> EXERCISE BRIEF
All entries below need to be written out exactly, but without their pictures.

> SOURCE DATA
-*-
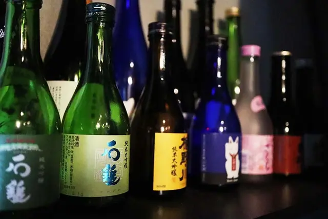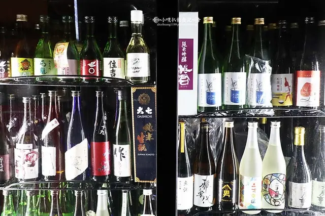 冰櫃裡有很多瓶裝的清酒,種類非常多,都是老闆自日本親自選購的
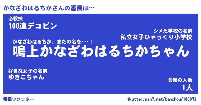 | 意味不明あだ名 | 『ペロリンかなざわはるちか』 |
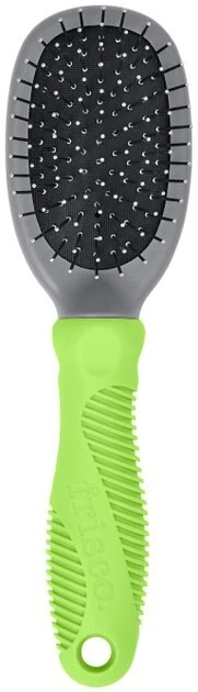 Everybody likes a softer, shinier coat to pet. Make sure your petโs fur is always snuggleable and clean with the Pin Pet Brush by Frisco. The gentle, plastic pins have rounded tips and glide through your petโs fur, helping you remove tangles, dirt and loose hair, while fluffing your petโs coat. The ergonomic handle design makes for a better brushing experience by giving you more control and better grip. With regular use, this brush can help you maintain your petโs soft, shiny coat.
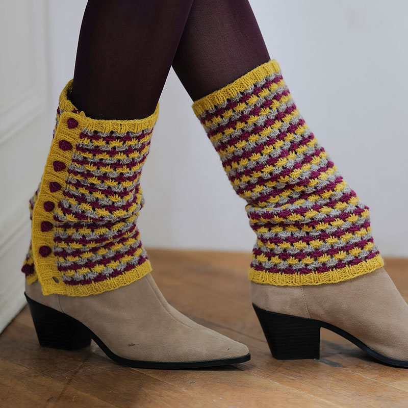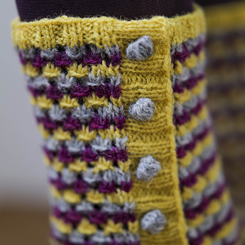 材料:ジェイミソンズ シェットランド・スピンドリフト 黄(Daffodil 390)35g/2 玉。薄グレー(Sholmit/Mooskit 119)・ ワイン色(Mantilla 517) 各20g/各1玉。
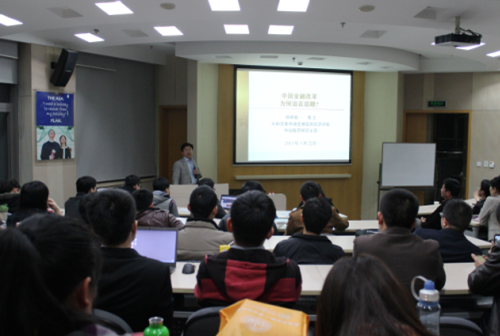 205报告厅,孙明春博士作为专业学位校外导师应邀为金融硕士班的同学们讲授专业学位实务课程。本次讲座的主题是“中国金融改革为何迫在眉睫?”
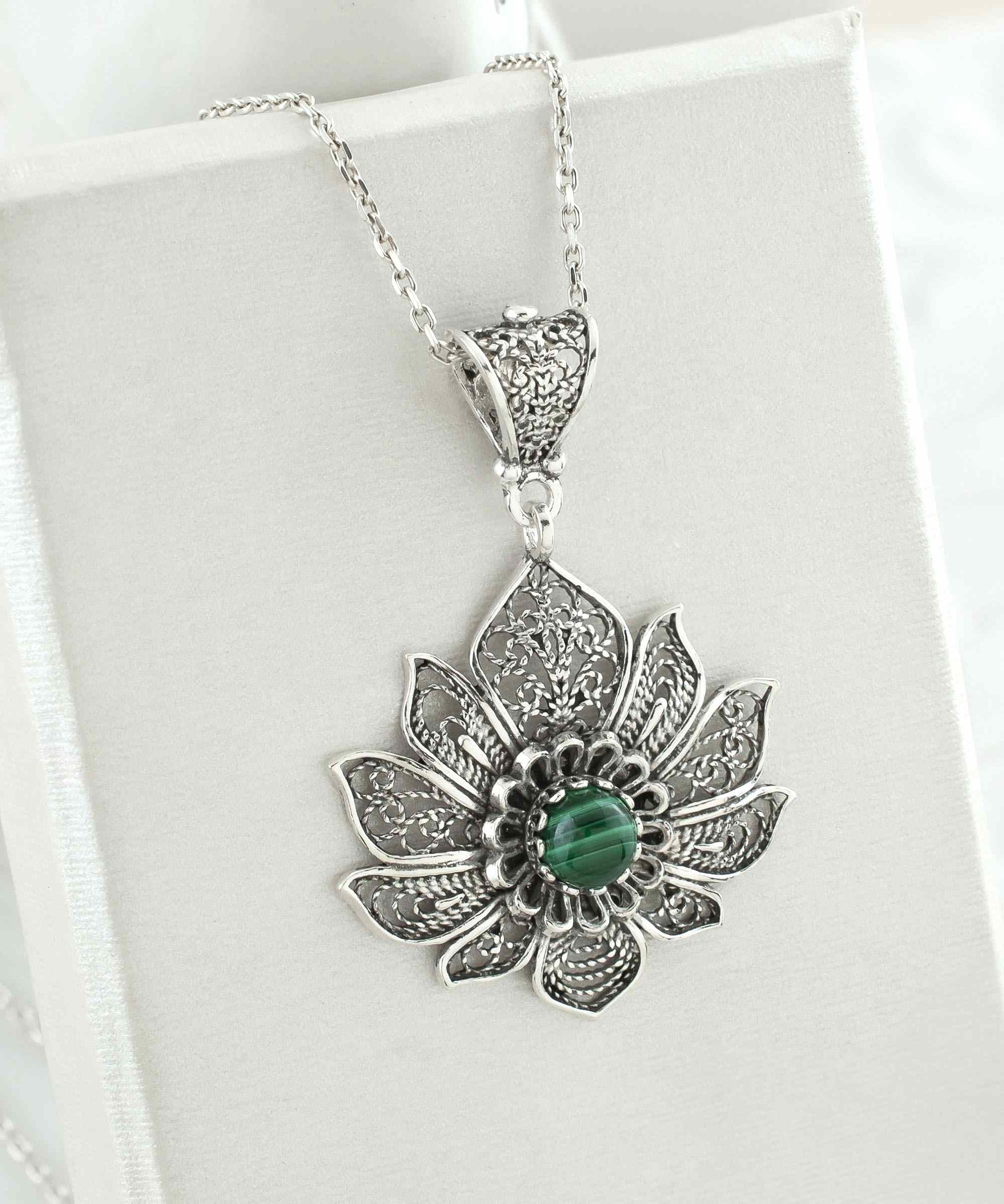 This 925 Sterling Silver handcrafted filigree art lotus flower pendant necklace with natural malachite gemstone comes with 20" silver chain option. Beautifully crafted filigree details will catch all eyes on you. It is going to be exact match to your daily wear. It can also be perfect option for valentine`s day, mother`s day or birthday gift for yourself or your loved one.
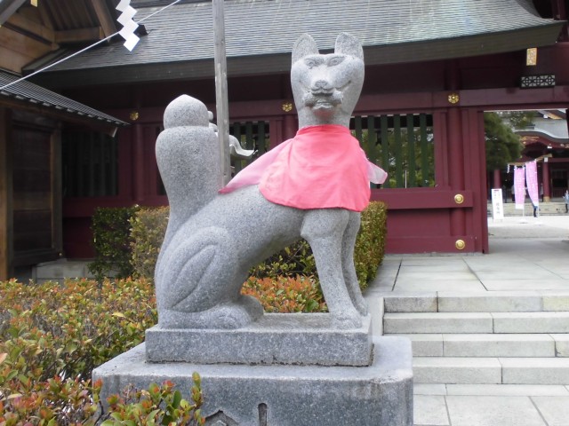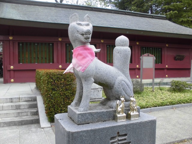 ↑裏側の入口にいた、狛犬…じゃない、狛キツネ?
-*-
> SOLUTION TO THE PROBLEM
 冰櫃裡有很多瓶裝的清酒,種類非常多,都是老闆自日本親自選購的
 | 意味不明あだ名 | 『ペロリンかなざわはるちか』 |
 Everybody likes a softer, shinier coat to pet. Make sure your petโs fur is always snuggleable and clean with the Pin Pet Brush by Frisco. The gentle, plastic pins have rounded tips and glide through your petโs fur, helping you remove tangles, dirt and loose hair, while fluffing your petโs coat. The ergonomic handle design makes for a better brushing experience by giving you more control and better grip. With regular use, this brush can help you maintain your petโs soft, shiny coat.
 材料:ジェイミソンズ シェットランド・スピンドリフト 黄(Daffodil 390)35g/2 玉。薄グレー(Sholmit/Mooskit 119)・ ワイン色(Mantilla 517) 各20g/各1玉。
 205报告厅,孙明春博士作为专业学位校外导师应邀为金融硕士班的同学们讲授专业学位实务课程。本次讲座的主题是“中国金融改革为何迫在眉睫?”
 This 925 Sterling Silver handcrafted filigree art lotus flower pendant necklace with natural malachite gemstone comes with 20" silver chain option. Beautifully crafted filigree details will catch all eyes on you. It is going to be exact match to your daily wear. It can also be perfect option for valentine`s day, mother`s day or birthday gift for yourself or your loved one.
 ↑裏側の入口にいた、狛犬…じゃない、狛キツネ?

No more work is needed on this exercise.